Social Media Sentiment Analysis
Predicting market movements or election outcomes from Twittersentiment has notoriously low SNR. Real predictive signals are overwhelmed by bots, sarcasm, regional biases, and the general noise of social media discourse.

Industrial Internet of Things (IoT)
Predicting equipment failure from sensor data often has low SNR because early failure signals are subtle vibrations or temperature changes that are small relative to normal operational variation and sensor noise.

How to Address Low SNR in Machine Learning

  • Data Strategy
    • Collect more data: the most straightforward approach, since signal improves with sample size while noise averages out
    • Improve measurement quality: better sensors, more precise instruments,
      standardized collection protocols
    • Engineer better features: domain knowledge can help extract signal more effectively than raw measurements
    • Aggregate temporal data: smooth out noise by averaging over time windows
  • Modeling Approaches
    • Regularization: L1/L2 penalties, elastic net to prevent overfitting to noise
    • Ensemble methods: random forests, gradient boosting to average out noise across multiple models
    • Dimension reduction: PCA, factor analysis to focus on major sources of variation
    • Robust methods: techniques less sensitive to outliers and noise
  • Advanced Techniques
    • Denoising autoencoders: learn to reconstruct clean signals from noisy inputs
    • Multi-task learning: leverage related tasks to improve signal detection
    • Transfer learning: use pre-trained models that have learned general patterns
    • Bayesian approaches: explicitly model uncertainty and incorporate prior knowledge
  • Validation and Evaluation
    • Nested cross-validation: more robust performance estimates
    • Repeated experiments: run multiple random seeds to assess stability
    • Out-of-time validation: especially important when SNR varies over time
    • Test statistical significance: ensure results are not just due to chance
  • Domain-Specific Approaches
    • Signal processing: filtering, spectral analysis for time series data
    • Causal inference: instrumental variables, natural experiments to isolate true effects
    • Meta-analysis: combine results across multiple studies to boost effective sample size

The key insight is that with low SNR, you often need to fundamentally change your approach rather than just tweaking hyperparameters. The focus shifts from optimizing predictive accuracy to ensuring that you are detecting real patterns rather than fitting noise.

30.3 Unbalanced Data

The Issue

Suppose we have a two-category classification problem. If the two classes appear with roughly the same frequencies we refer to a balanced situation. Imbalance exists when the two classes have very different sample frequencies. The following confusion matrix is an example of a highly imbalanced data set. (958 + 7)/1,000 = 0.965 of the observations fall into the majority class, only 0.035 fall into the minority class.

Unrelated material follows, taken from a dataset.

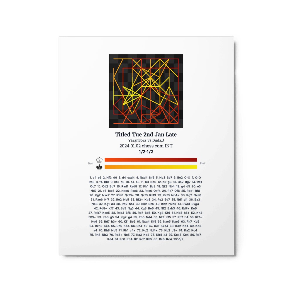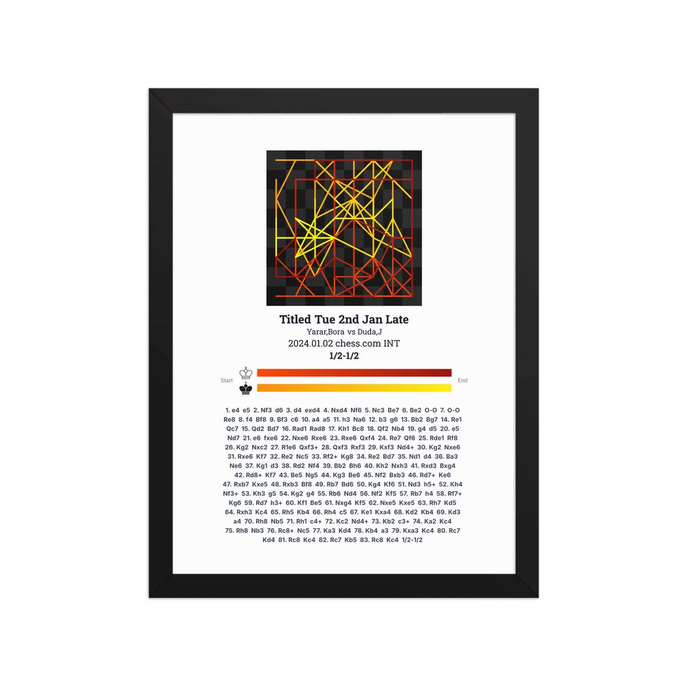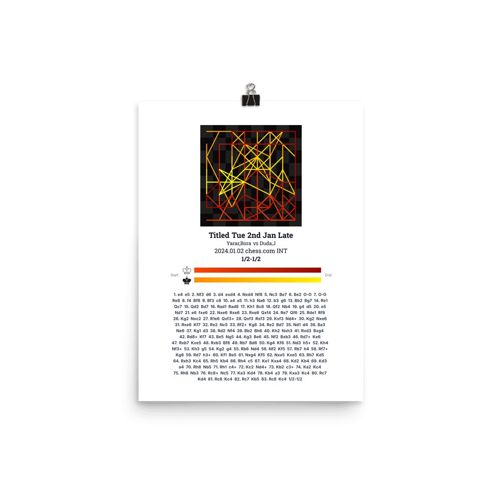 Museum-quality poster on thick, durable matte paper. A sharp, clean look for any chess visualisation.

Example of a confusion matrix for 1,000 observations.
Observed Category
Predicted Category Yes (Positive) No (Negative)
Yes (Positive) 9 7
No (Negative) 26 958

The problem with highly unbalanced data sets is that they tend to favor the majority class in training. Even a completely uninformative model that would always predict the majority class (without looking at any data) would have a very high accuracy. Such a model would predict most observations correctly simply because almost all observations fall into that class. This is a problem because in most applications where data are imbalanced with respect to the target variable, the category of interest (the event category) is the minority category. When we investigate equipment failures, fraud cases, manufacturing defects, rare diseases, etc., we model rare events. Algorithms need to learn to find needles in a haystack. Furthermore, accuracy is often not the relevant model performance criterion. Sensitivity (recall), specificity, and precision are then more relevant.

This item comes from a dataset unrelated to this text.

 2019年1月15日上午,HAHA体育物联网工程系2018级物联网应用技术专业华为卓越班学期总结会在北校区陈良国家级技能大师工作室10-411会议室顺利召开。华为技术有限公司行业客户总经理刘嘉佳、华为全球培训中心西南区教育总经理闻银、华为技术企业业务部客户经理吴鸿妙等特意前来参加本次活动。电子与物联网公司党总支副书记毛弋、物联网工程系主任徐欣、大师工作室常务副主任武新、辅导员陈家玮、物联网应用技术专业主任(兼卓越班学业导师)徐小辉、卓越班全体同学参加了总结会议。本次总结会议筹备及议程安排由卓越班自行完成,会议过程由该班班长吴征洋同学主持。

To help the algorithm better learn the minority class of interest, you can adjust its focus on the minority class by using a weighted analysis or by adjusting the proportion of events to non-events. You can think of this as a data pre-processing step and it involves reducing the number of cases in the majority class (downsampling) or increasing the number of cases in the minority class (upsampling).

Downsampling eliminates at random observations in the majority class until the ratio of events and non-events meets a target value. It is not necessary to downsample to a 50:50 ratio between events and non-events. You have to achieve an event ratio where the algorithm can properly learn the minority class. You can monitor how balanced accuracy (or AUC) changes with the downsampling rate.

Problems with downsampling are the loss of information and the reduction in sample size. When working with qualitative input variables you need to ensure that downsampling does not drop levels of the input variable. For example, if you have three age groups in the data set and only two remain after downsampling, the model will not be able to make predictions for the eliminated age group. Downsampling reduces computational cost since it reduces the size of the training set and should be considered when you have large sample sizes to begin with.

Upsampling (also known as oversampling) the minority class avoids the problem of information loss. Here we add observations in the minority class to the training data until a target ratio of events and non-events (not necessarily 50:50) is achieved. While it preserves information in the data, simply randomly duplicating observations in the minority class can lead to overfitting. By duplicating data you are enticing the algorithm to learn the training data too closely.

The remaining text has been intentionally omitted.